Supporting fence posts are 3" by 3" (c) varying in height from 9" to 29". The height of the posts will need to be adjusted to compensate for variations in the level of the garden to achieve a level running track. My preference is for the line to average 2 ft. above the ground.

The side wall sections are 12" to 15" long cut from 2" by 1/8" timber (d). I get my wood supplier to cut several pieces of 2" by 1/8" from one length of 2" by 1". The side walls retain the loose laid ballast in place and give a tidy, finished appearance to the structure. It is very important to leave a narrow gap between adjacent sidewall sections to allow water drainage from the decking.

The metal fence spikes ("Metposts") (f) can be obtained in various lengths. Mine have 18" or 2ft. spikes. Driving them into the ground (e) can be hard work. I found it easier to hammer the upturned Metpost onto the well oiled end of the fence post first - working against a concrete garage floor - using a post offcut held against the base of the retaining sleeve to transmit the hammer blows and slowly force the post into place. The fence post and Metpost can then be driven into the ground as a complete unit using a spirit level to make frequent checks for vertical alignment.

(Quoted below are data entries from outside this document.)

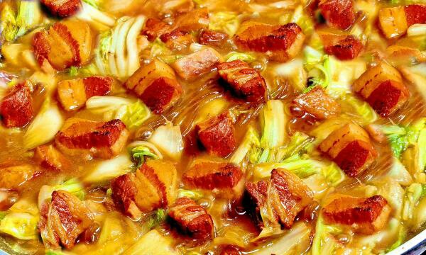 3.五花肉炖至软烂后,加入适量的盐调味,搅拌均匀后,再炖5分钟,红烧肉就炖熟了,如果喜欢单独吃红烧肉,这时候就可以出锅食用了。取一把红薯粉条,冲洗干净后,用温水泡软,然后捞出,放入锅中,埋进汤里,取一棵白菜,将白菜叶掰下来,清洗干净后,撕成大块,放入锅中。
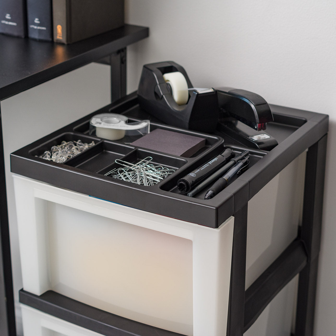 Plastic Storage-Drawer, Organizer-Cart, 6, Black/Pearl
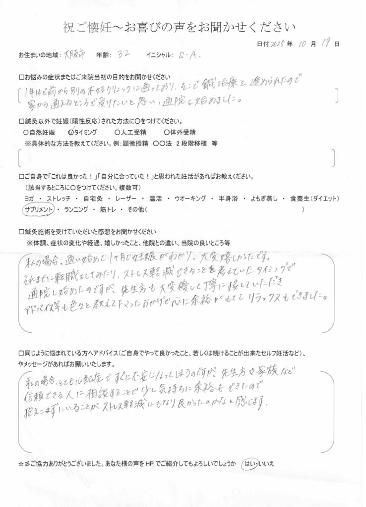 大阪市からお越しのSさん(32歳)がタイミング療法で妊娠されました。
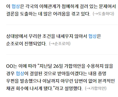5. 협상되다의 뜻은 ‘두 이상 사람들 사이에서 타결하기 위해 협의되다’예요. 이 표현은 두 나라나 여러 사람이 참여하는 협의가 진행되거나 성공적으로 타결되었을 때 사용되죠. 협상 과정에서는 서로 간의 입장 차이를 좁히는 것이 중요해요.
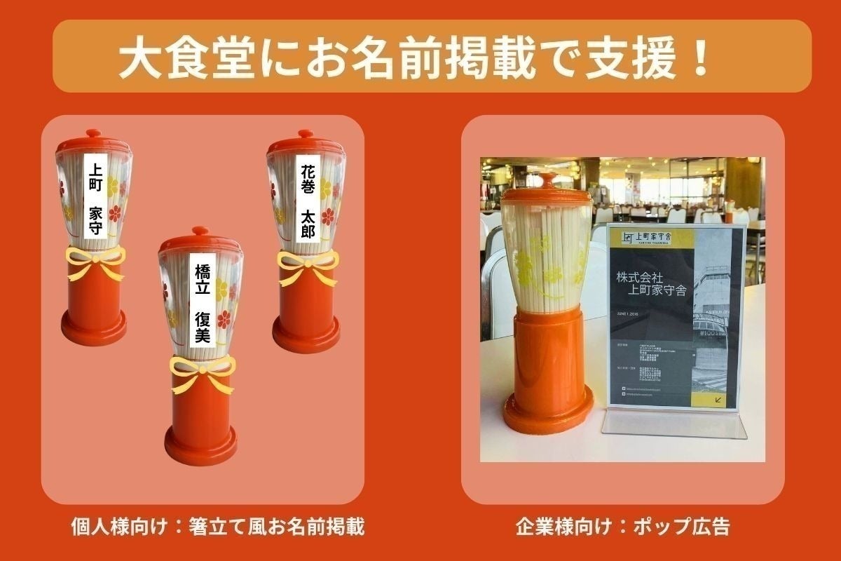 目標金額に達した場合は、大食堂の全テーブルに新しい箸立てを設置できるだけでなく、応援してくださった皆様のお手元に、全国の食卓に、飲食店様にお届けすることが可能になります。

The timber used was rough sawn rather than smooth planed. Rough sawn was cheaper and gave a good key when brushing on preservative. Track deck sections and supporting frames were joined using both galvanized round head nails and outdoor grade PVA glue. I drilled pilot holes through the track deck where nails were required in order to avoid splitting the wood. The fence posts were spaced at 3ft. to 4 ft. intervals. These posts were a very tight fit in the "Metpost" sleeves. It helps to smear a liberal coating of engine oil on the end of the post and the inside the Metpost sleeve before attempting to force the post into position.

I applied three coats of (child & pet friendly when dry) fence & shed preservative to the finished structure. You can buy the timber ready treated but there's an increased hazard from the resulting sawdust - do all the work outdoors and wear a decent face mask.